Grand Tour (data visualisation)
The grand tour is a technique originally developed by Daniel Asimov 1980–85, which is used to explore multivariate statistical data by means of an animation. The animation, or "movie", consists of a series of distinct views of the data as seen from different directions, displayed on a computer screen, that appear to change continuously and that get closer and closer to all possible views. This allows a human- or computer-based evaluation of these views, with the goal of detecting patterns that will convey useful information about the data.
This technique is like what many museum visitors do when they encounter a complicated abstract sculpture: They walk around it to view it from all directions, in order to understand it better. The human visual system perceives visual information as a pattern on the retina, which is 2-dimensional. Thus walking around the sculpture to understand it better creates a temporal sequence of 2-dimensional images in the brain.
The multivariate data that is the original input for any grand tour visualization is a (finite) set of points in some high-dimensional Euclidean space. This kind of set arises naturally when data is collected. Suppose that for some population of 1000 people, each person is asked to provide their age, height, weight, and number of nose hairs. Thus to each member of the population there is associated an ordered quadruple of numbers. Since n-dimensional Euclidean space is defined as all ordered n-tuples of numbers, this means that the data on 1000 people correspond to 1000 points in 4-dimensional Euclidean space.
The grand tour converts the spatial complexity of the multivariate data set into temporal complexity by using the relatively simple 2-dimensional views of the projected data as the individual frames of the movie. (These are sometimes called "data views".) The projections will ordinarily be chosen so as not to change too fast, which means that the movie of the data will appear continuous to a human observer.

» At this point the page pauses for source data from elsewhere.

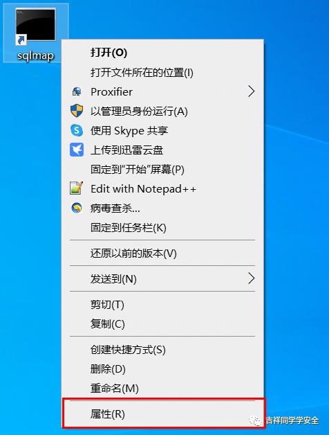 4、点击完成会在左面生成一个名为sqlmap的快捷方式,右键快件方式图标点击属性。
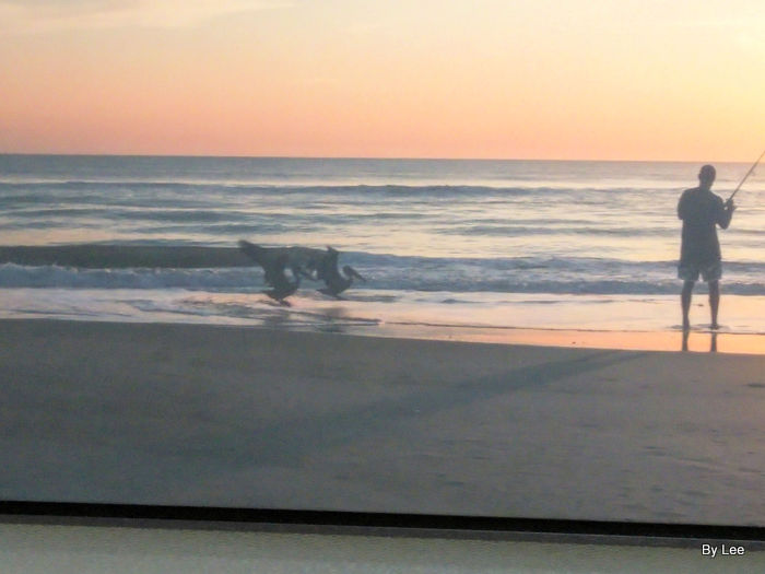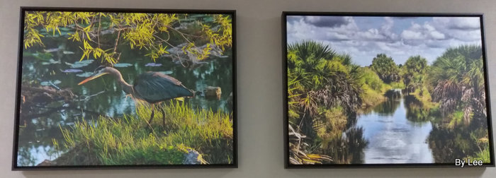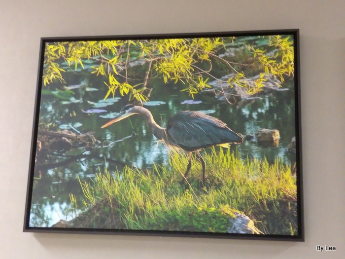 Our chairs at the table are by double-sliding glass doors. Just this morning while eating breakfast we saw two White-bellied Whistling Ducks [in the yard], Muscovy and Pekin ducks by the water, along with a Great Blue Heron walking along the shore. A female Anhinga diving for fish, A Great Egret flying by low over the water, and the Grackles and Fish Crows flying around. Not bad for a breakfast meal.
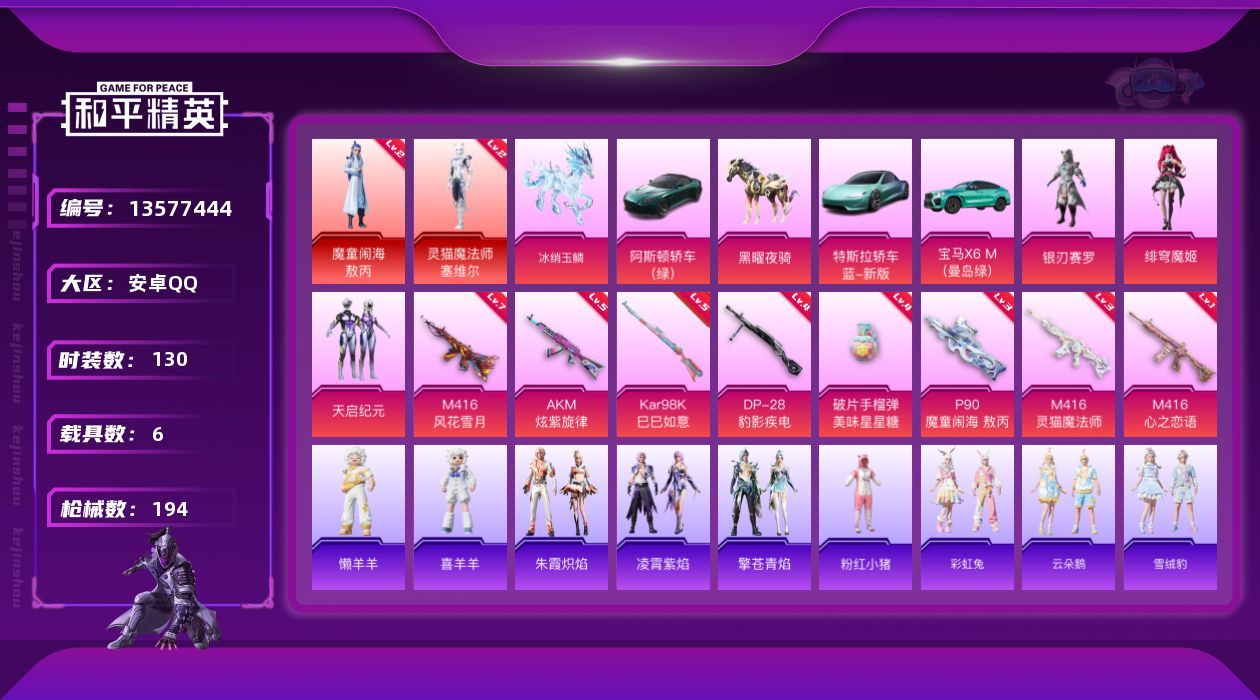 - PX_2101394-??/枪械8/装备297/载具7/战备186/王牌印记14/热力值90329/六级AKM-白勺歌姬/六级SCAR-L-纯梦嫁纱/七级M416-心之恋语/六级GROZA-焦糖拿铁/五级M762-甜心娃娃/一级Kar98K-巳巳如意/一级SLR-暗夜玫瑰/五级DP-28-枪炮玫瑰/兰博SVJ绿色/玛莎拉蒂粉色/海龙奔腾/萌喵橘座/极速兔兔车/萌兔起飞僚机/塞莎霓虹粉/红螳螂/音爆
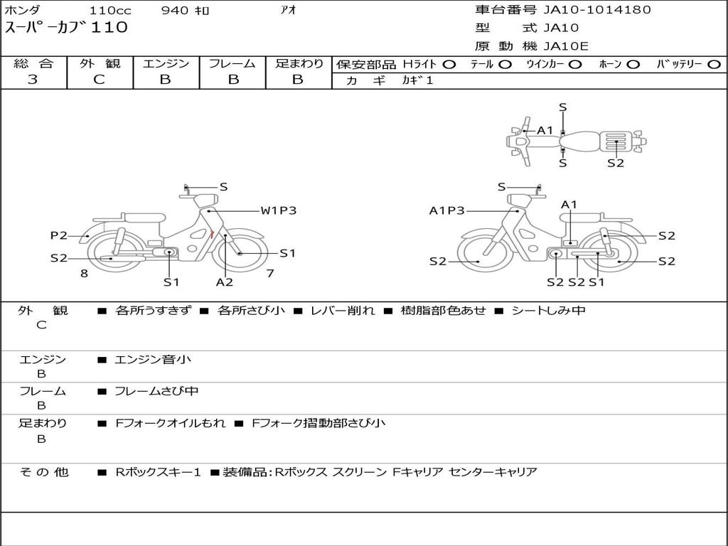 | Номер рамы / VIN | JA10-1014180 |
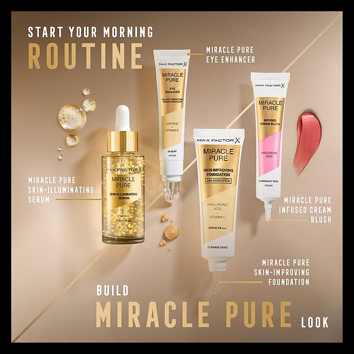 ”Saa 8 tunnin yöunet purkista Max Factorin Miracle Pure Eye Enhancer -peitevoiteen avulla. Väriä korjaava ja väsymyksen merkkejä häivyttävä peitevoide vaalentaa välittömästi tummia silmänalusia.
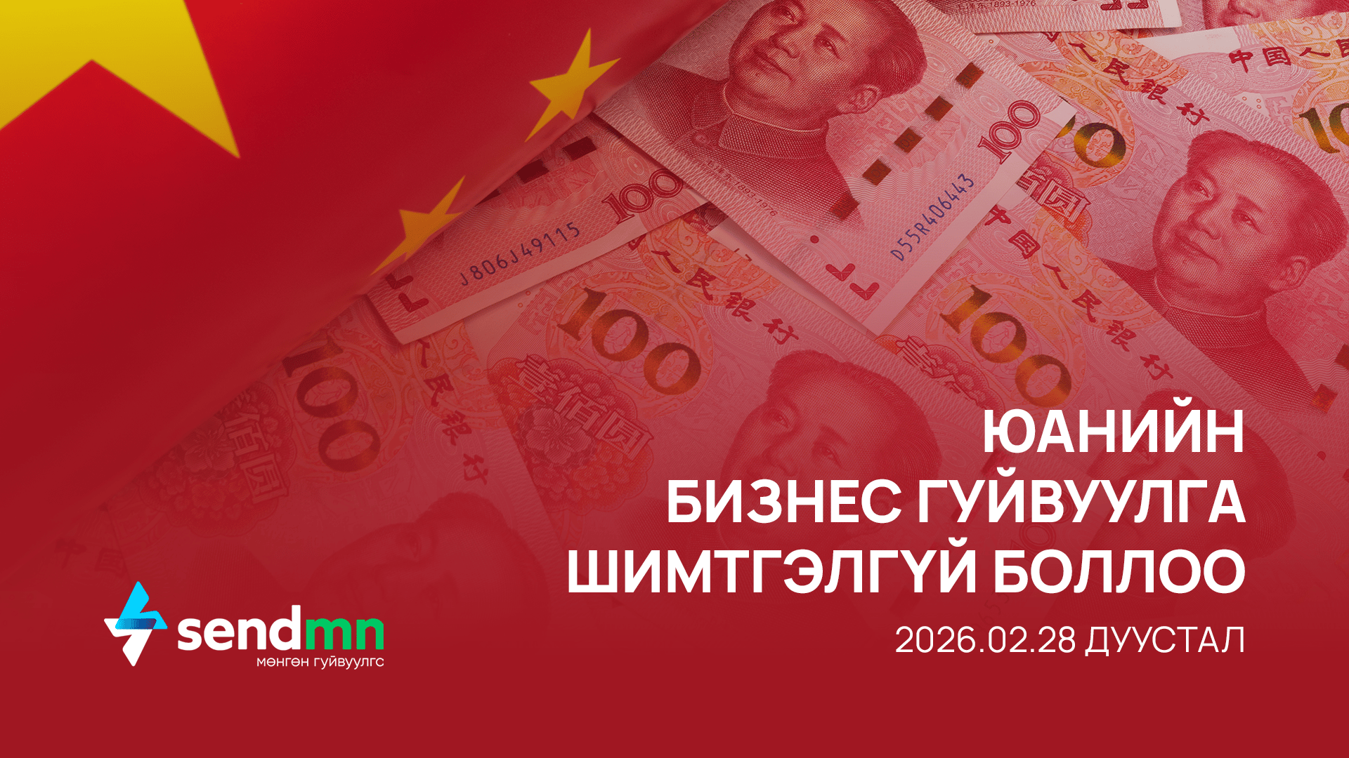 Хятад улстай худалдаа, бизнесийн харилцаатай байгууллага, аж ахуйн нэгжүүдэд зориулан SendMN компаниас БНХАУ руу юань (CNY) илгээх албан ёсны гуйвуулгын үйлчилгээний шимтгэлийг 2026 оны 2 сарын 28-ныг дуустал 0₮ болгож байна.
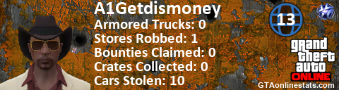 [URL=http://GTAonlinestats.com/showplayer/A1Getdismoney][IMG]http://GTAonlinestats.com/crimesignature/A1Getdismoney/sig.png[/IMG][/URL]
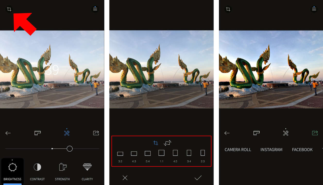 สำหรับการบันทึกนั้นก็ง่ายมาก เพียงกดปุ่ม Export (ขวามือสุด) และเลือกประเภทการบันทึกว่าจะให้บันทึกเป็นแบบไหน เช่น บันทึกลงเครื่อง, บันทึกสำหรับโพสต์บน Facebook, บันทึกสำหรับโพสต์ลง Instagram เป็นต้น ซึ่งคุณสามารถกำหนดขนาดของภาพด้วยตนเองได้อีกด้วย
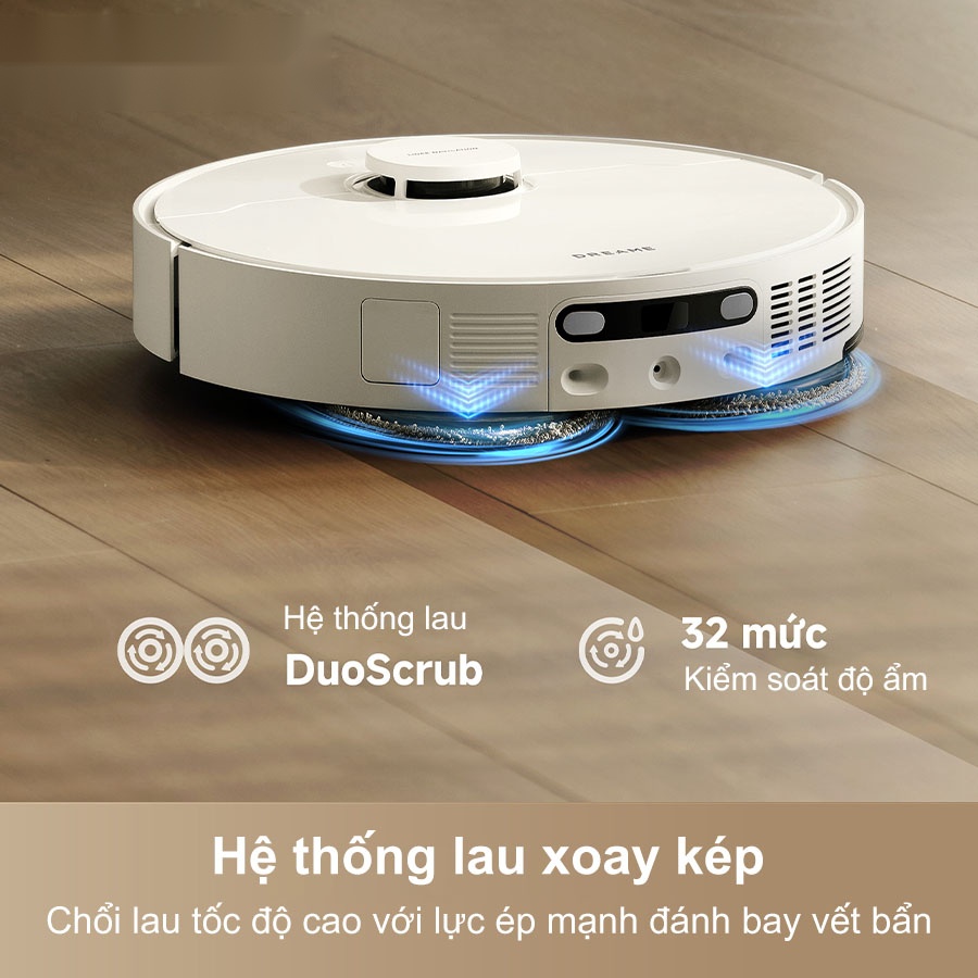 Robot hút bụi lau nhà Dreame L10s Ultra Gen 3 được trang bị hệ thống lau DuoScrub gồm hai đĩa lau quay tốc độ cao, giúp đánh bay mọi vết bẩn cứng đầu và mang lại sàn khô nhanh, thân thiện với thú cưng. Đặc biệt, công nghệ điều chỉnh độ ẩm 32 cấp độ cho phép robot kiểm soát chính xác lượng nước, từ khô nhẹ, ẩm vừa đến ướt kỹ, phù hợp với từng loại sàn khác nhau. Nhờ đó, sàn gỗ không bị thấm nước, gạch men được làm sạch sâu, còn thảm luôn khô ráo như mới.
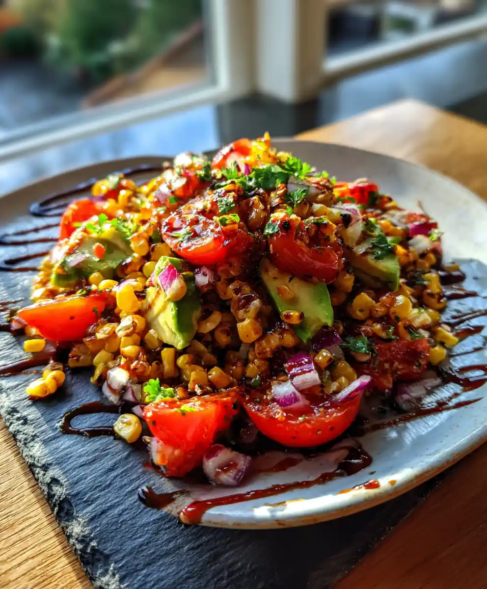 This vibrant salad combines charred corn, juicy tomatoes, creamy avocado, and a tangy pomegranate molasses drizzle for a burst of summer flavor. It’s an easy and colorful addition to any meal, perfect as a side or light lunch.
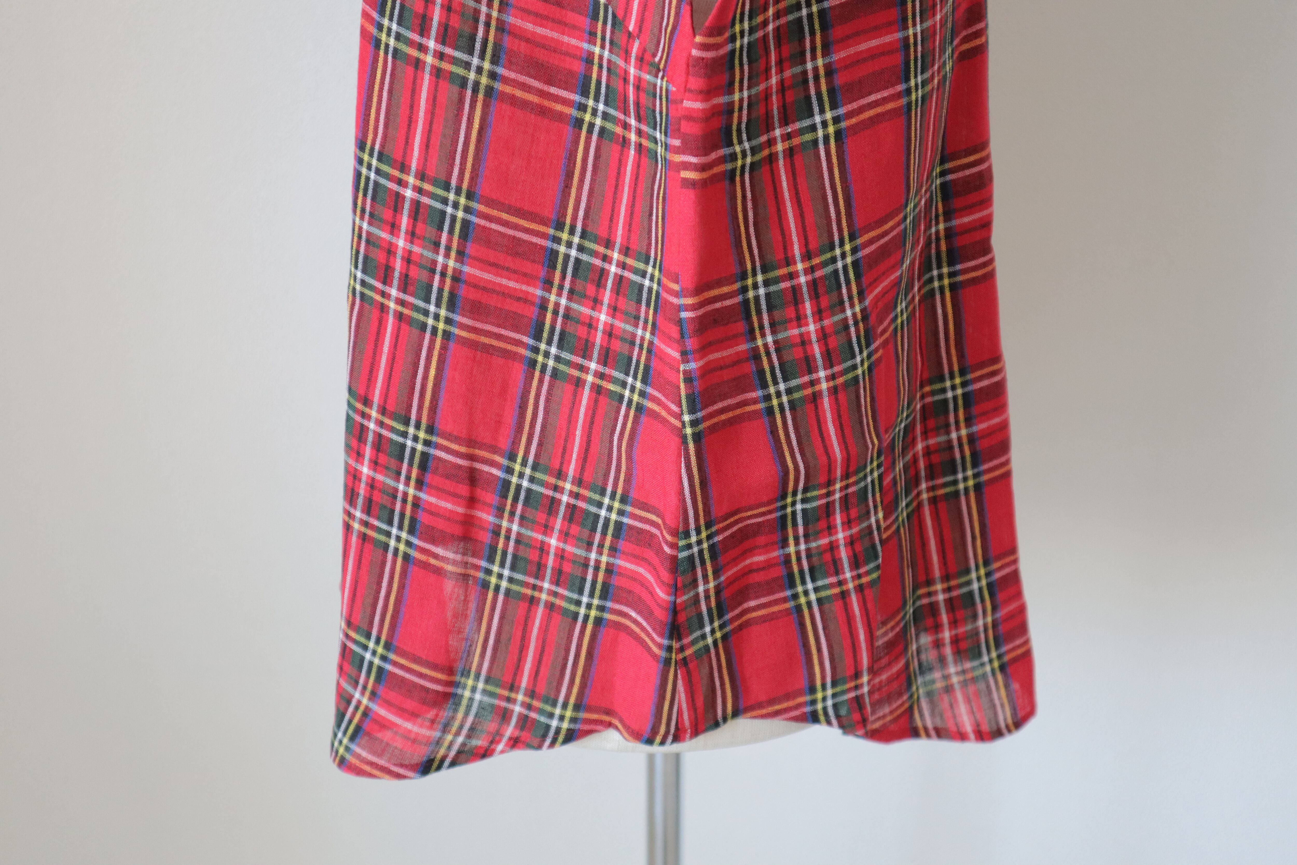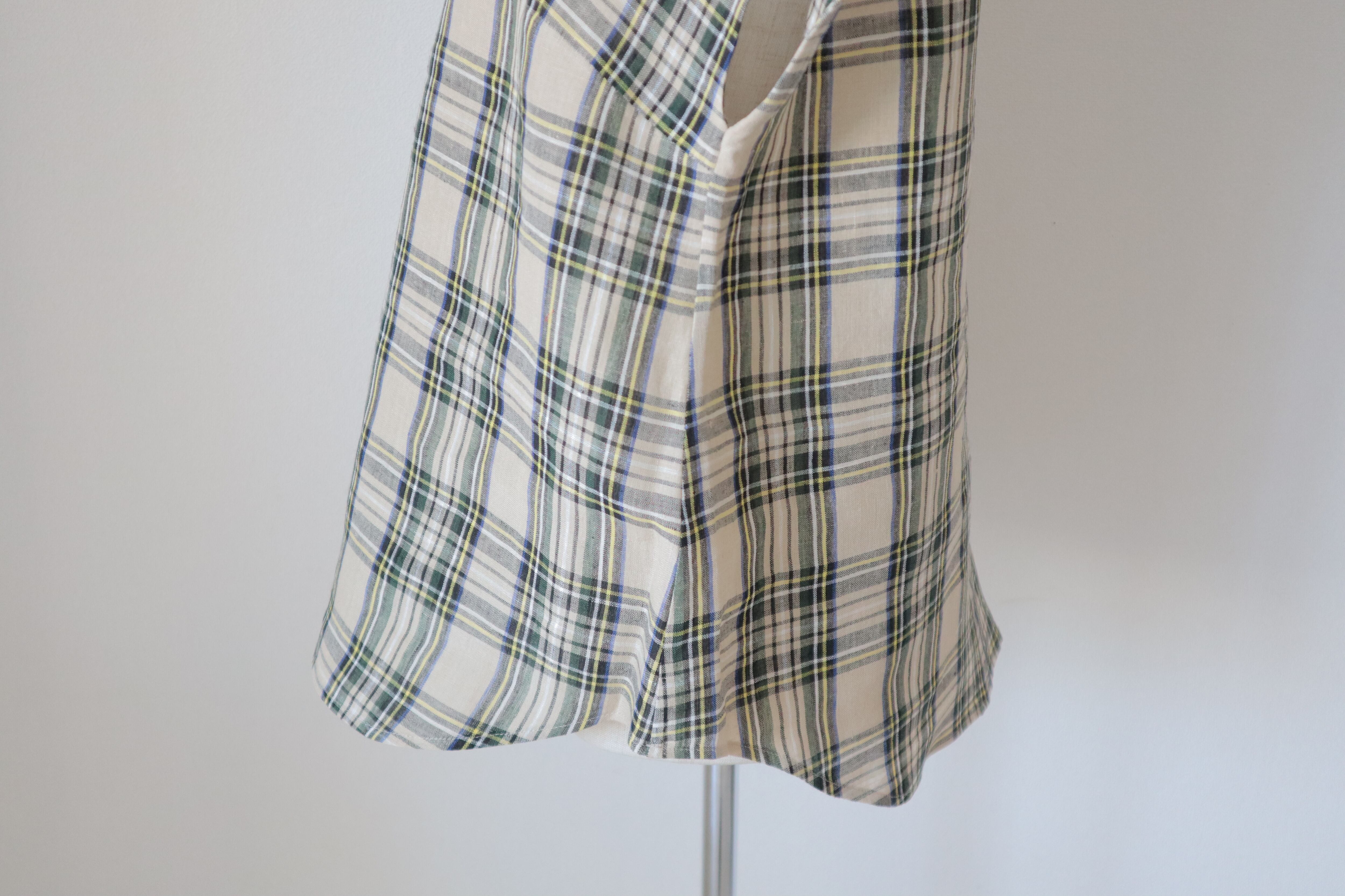 襟にベルベットが施されたクラシックなタータンチェックのノースリーブブラウス。上品な襟デザインが、シンプルなアイテムにエレガンスを加えてくれます。爽やかな素材感と暖かみのある柄使いは、季節問わずお使いいただけます。スカートやパンツに合わせて様々なスタイリングに合わせやすいのも魅力のひとつです。
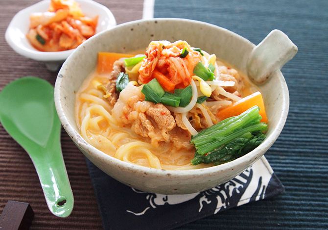 煮えたものからスープと一緒に取り分け、お好みでキムチをプラスして召し上がれ。
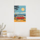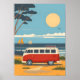 Capture the ultimate spirit of adventure with this retro-inspired illustration of a classic red camper van by the sea. Its nostalgic color palette and clean minimalist design perfectly embody summer vacation vibes, making it a stylish addition to any beach house or modern living area.
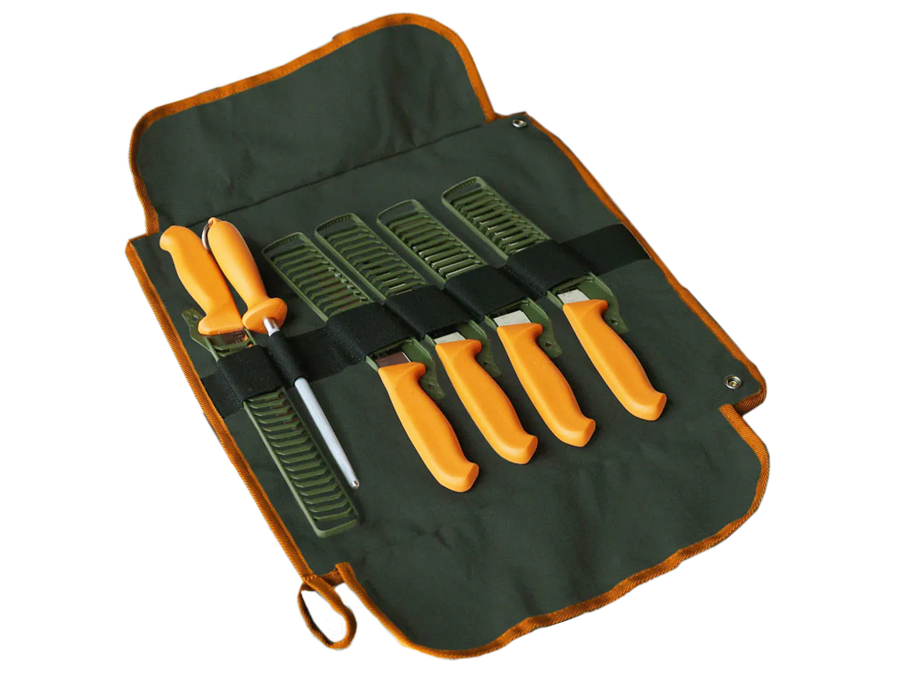 Die Morakniv Hunting Knife Roll ist die ideale Lösung für die sichere Aufbewahrung und den Transport Ihrer wertvollen Fleischerwerkzeuge. Dieser robuste Messerkoffer verfügt über sechs separate Fächer: fünf für Messer und eines für einen Wetzstahl. So bleiben Ihre Werkzeuge geordnet, geschützt und immer einsatzbereit.
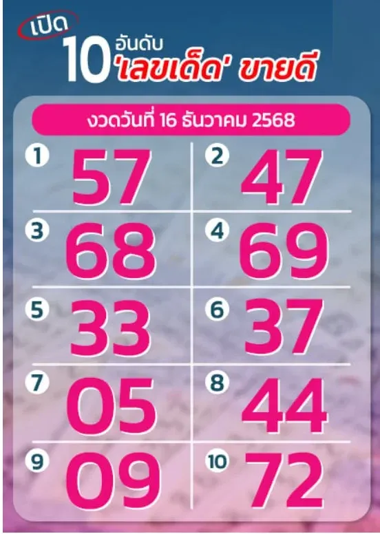 มาแล้ว! เปิด 10 อันดับเลขเด็ดขายดี งวดวันที่ 16 ธันวาคม 68..ส่องเลย พรุ่งนี้รวย!!

A grand tour "method" is an algorithm for assigning a sequence of projections onto (usually) 2-dimensional planes to any given dimension of Euclidean space. This allows any particular multivariate data set to be projected onto that sequence of 2-dimensional planes and thereby displayed on a computer screen one after the other, so that the effect is to create a movie of the data.
(Note that, once the data has been projected onto a given 2-plane, then in order to display it on a computer screen, it is necessary to choose the directions in that 2-plane that will correspond to the horizontal and vertical directions on the computer screen. This is typically a minor detail. But the choice of horizontal and vertical directions should ideally be done so as to minimize any unnecessary apparent "spinning" of the 2-dimensional data view.)
Technical description
[edit]Each "view" (i.e., frame) of the animation is an orthogonal projection of the data set onto a 2-dimensional subspace (of the Euclidean space Rp where the data resides). The subspaces are selected by taking small steps along a continuous curve, parametrized by time, in the space of all 2-dimensional subspaces of Rp (known as the Grassmannian G(2,p)). To display these views on a computer screen, it is necessary to pick one particular rotated position of each view (in the plane of the computer screen) for display. This causes the positions of the data points on the computer screen to appear to vary continuously. Asimov showed that these subspaces can be selected so as to make the set of them (up to time t) increasingly close to all points in G(2,p), so that if the grand tour movie were allowed to run indefinitely, the set of displayed subspaces would correspond to a dense subset of G(2,p).[1][2]
Software
[edit]- The tourr R package implements geodesic interpolation and basis generation functions that allow you to create new tour methods from R.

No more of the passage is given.